Anne nodded to the tall young man. James had missed Curtis on his first visit to the farm. As he was introduced, he decided the man was a little too tall and too young for his liking. Also, he gazed at Anne with a proprietary look that James didn’t care for. Even knowing he had no claim on her, James was bothered by Curtis more than he cared to admit.

“When he calms enough to back him out of the van,” Anne said briskly to Curtis, “put him into one of the paddocks. He can run the rest of his excitement off there.”

“Right.”

Curtis was a man of few words, James observed.
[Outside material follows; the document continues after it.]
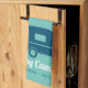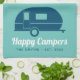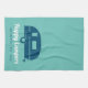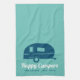 A cheerful kitchen towel, perfect for your camper or RV. Shown with a teal background and navy blue colored camper design with the phrase "Happy Campers". Customize your family name to make it one of a kind. Background color can also be changed to match your decor and preferences.

The first thing out of the transport van was not Battle Cry, but a small gray-haired man who immediately turned on the hapless driver and his assistant.

“You nearly sent my boy to the glue factory!” he shouted, not at all sounding like their coworker. “What the hell happened back there?”

The two men nearly fell all over themselves trying to explain about misreading the map. The gray-haired man glowered ominously, then snorted. “If there’s any damage to my boy, I’ll see everyone here sues your company for giving us two of the biggest dummies the good Lord created!”